#### [About this exercise]
Each image should be skipped while the records are restated word for word.

#### [Available data]
· · · · ·

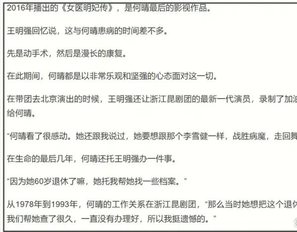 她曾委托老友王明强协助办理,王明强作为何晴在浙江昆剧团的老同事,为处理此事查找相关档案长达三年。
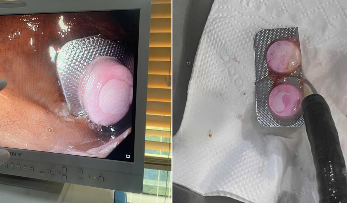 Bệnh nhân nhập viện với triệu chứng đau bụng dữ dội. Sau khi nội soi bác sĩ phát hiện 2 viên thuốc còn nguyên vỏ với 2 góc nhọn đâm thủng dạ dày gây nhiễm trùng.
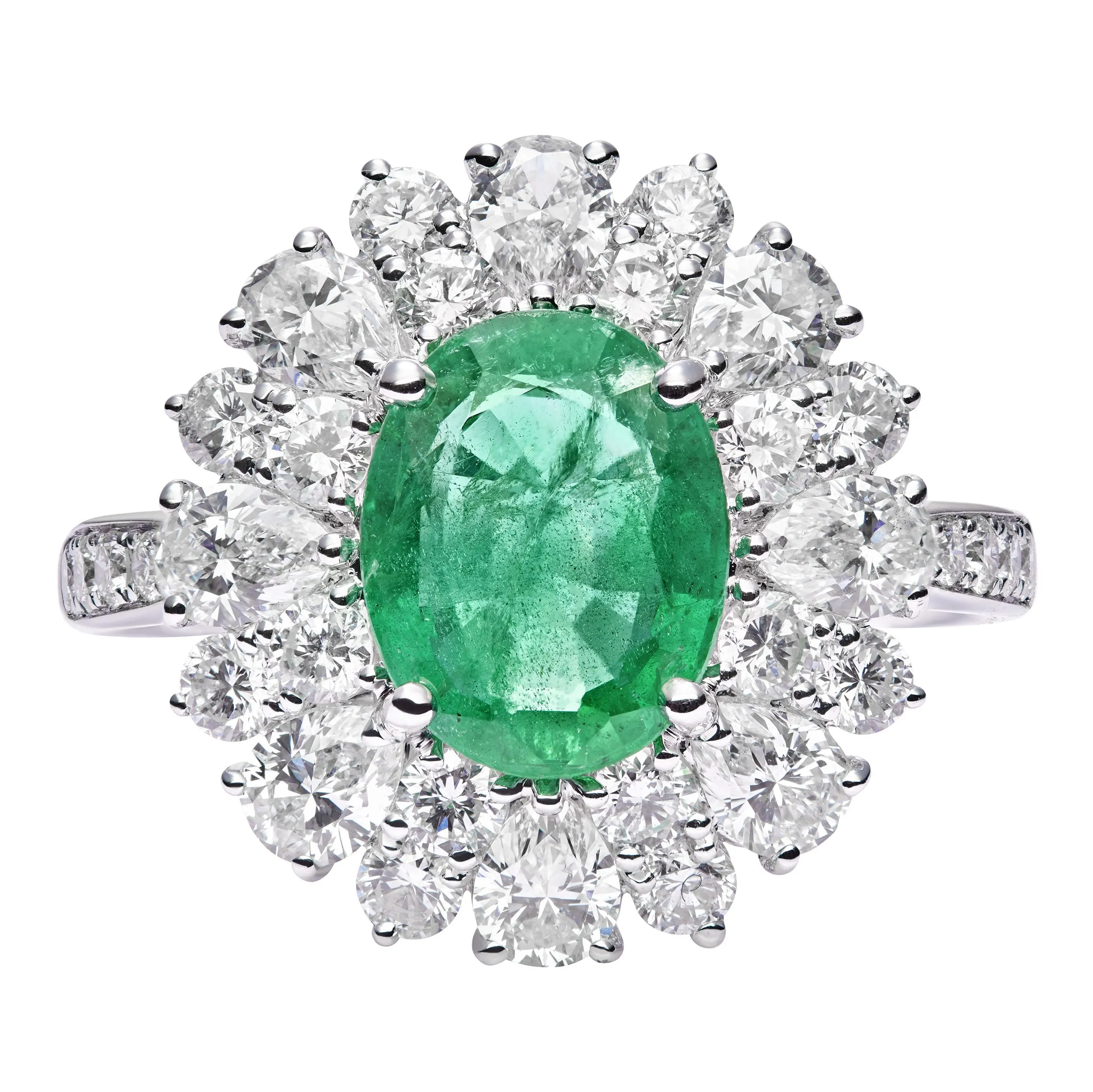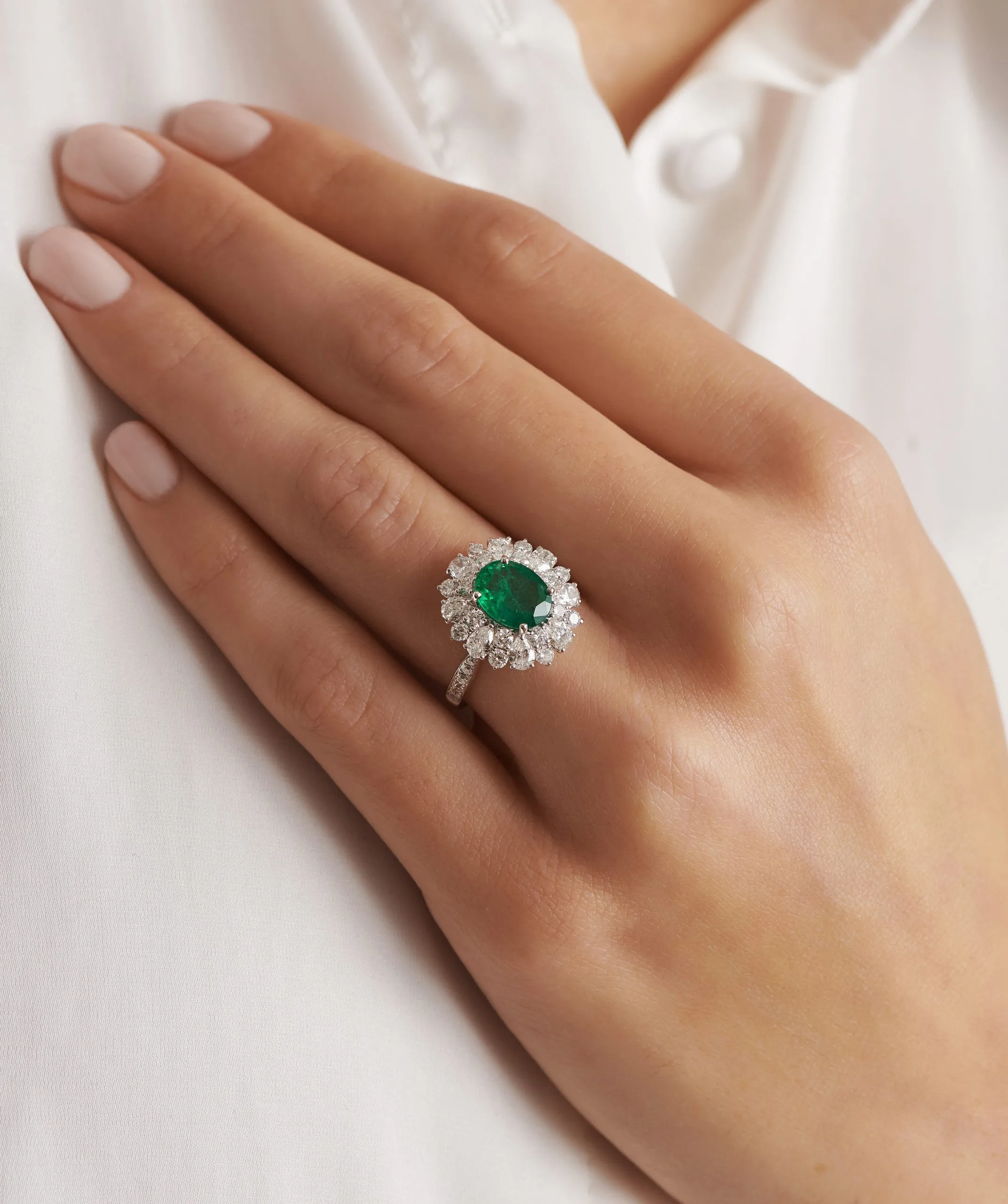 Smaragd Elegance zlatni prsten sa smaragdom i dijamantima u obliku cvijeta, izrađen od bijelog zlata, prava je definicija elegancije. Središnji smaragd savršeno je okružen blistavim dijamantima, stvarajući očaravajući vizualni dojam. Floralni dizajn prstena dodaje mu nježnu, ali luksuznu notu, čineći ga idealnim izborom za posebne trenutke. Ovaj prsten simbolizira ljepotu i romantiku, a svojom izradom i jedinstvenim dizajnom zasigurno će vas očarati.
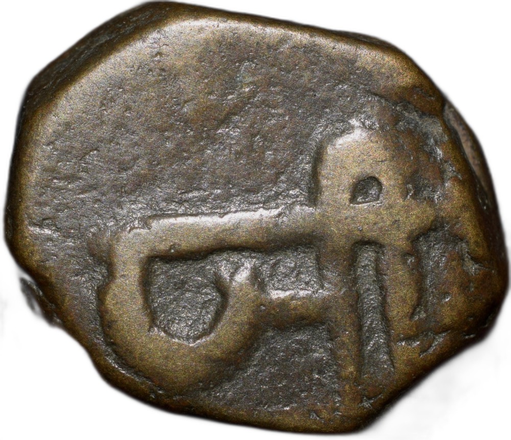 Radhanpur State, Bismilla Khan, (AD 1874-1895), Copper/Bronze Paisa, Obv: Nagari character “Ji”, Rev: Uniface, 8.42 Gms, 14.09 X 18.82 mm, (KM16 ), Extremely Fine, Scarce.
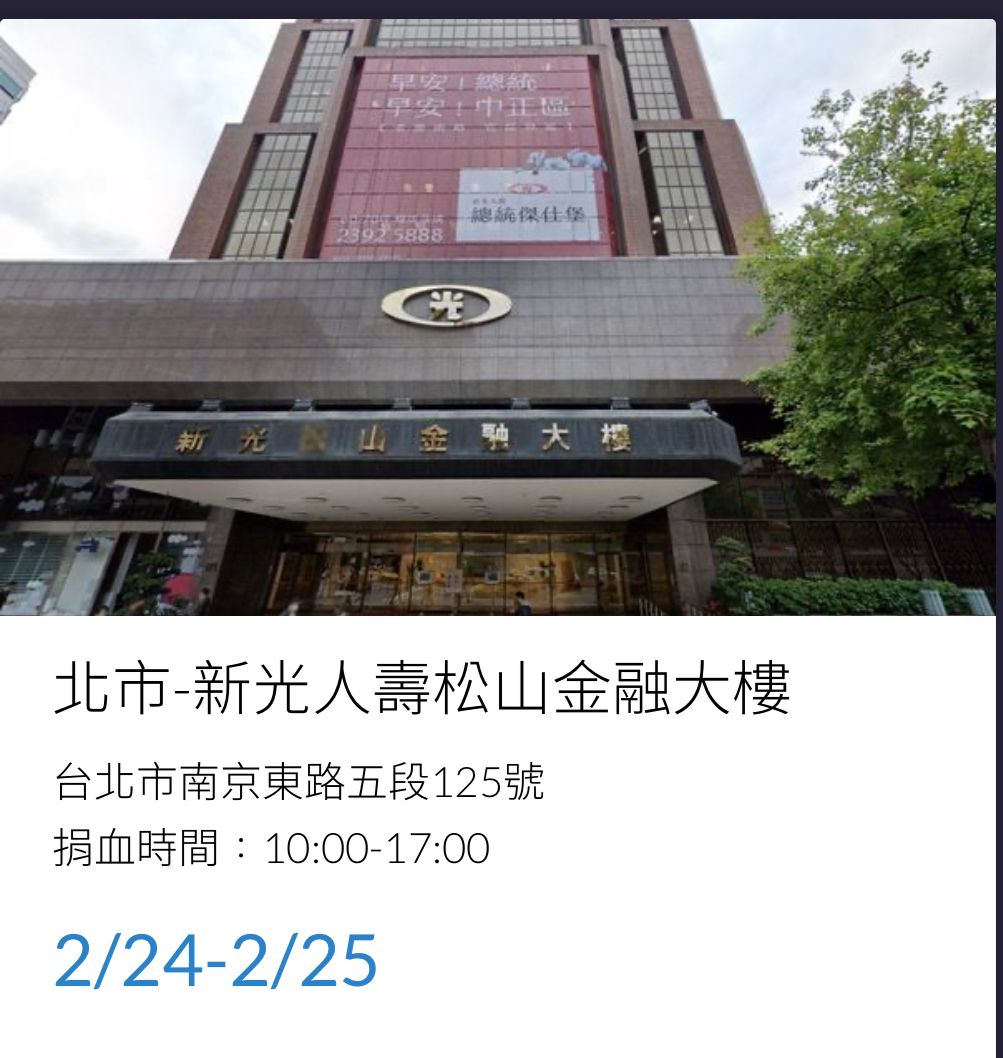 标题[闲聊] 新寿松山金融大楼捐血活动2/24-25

· · · · ·

#### [Solution]
 她曾委托老友王明强协助办理,王明强作为何晴在浙江昆剧团的老同事,为处理此事查找相关档案长达三年。
 Bệnh nhân nhập viện với triệu chứng đau bụng dữ dội. Sau khi nội soi bác sĩ phát hiện 2 viên thuốc còn nguyên vỏ với 2 góc nhọn đâm thủng dạ dày gây nhiễm trùng.
 Smaragd Elegance zlatni prsten sa smaragdom i dijamantima u obliku cvijeta, izrađen od bijelog zlata, prava je definicija elegancije. Središnji smaragd savršeno je okružen blistavim dijamantima, stvarajući očaravajući vizualni dojam. Floralni dizajn prstena dodaje mu nježnu, ali luksuznu notu, čineći ga idealnim izborom za posebne trenutke. Ovaj prsten simbolizira ljepotu i romantiku, a svojom izradom i jedinstvenim dizajnom zasigurno će vas očarati.
 Radhanpur State, Bismilla Khan, (AD 1874-1895), Copper/Bronze Paisa, Obv: Nagari character “Ji”, Rev: Uniface, 8.42 Gms, 14.09 X 18.82 mm, (KM16 ), Extremely Fine, Scarce.
 标题[闲聊] 新寿松山金融大楼捐血活动2/24-25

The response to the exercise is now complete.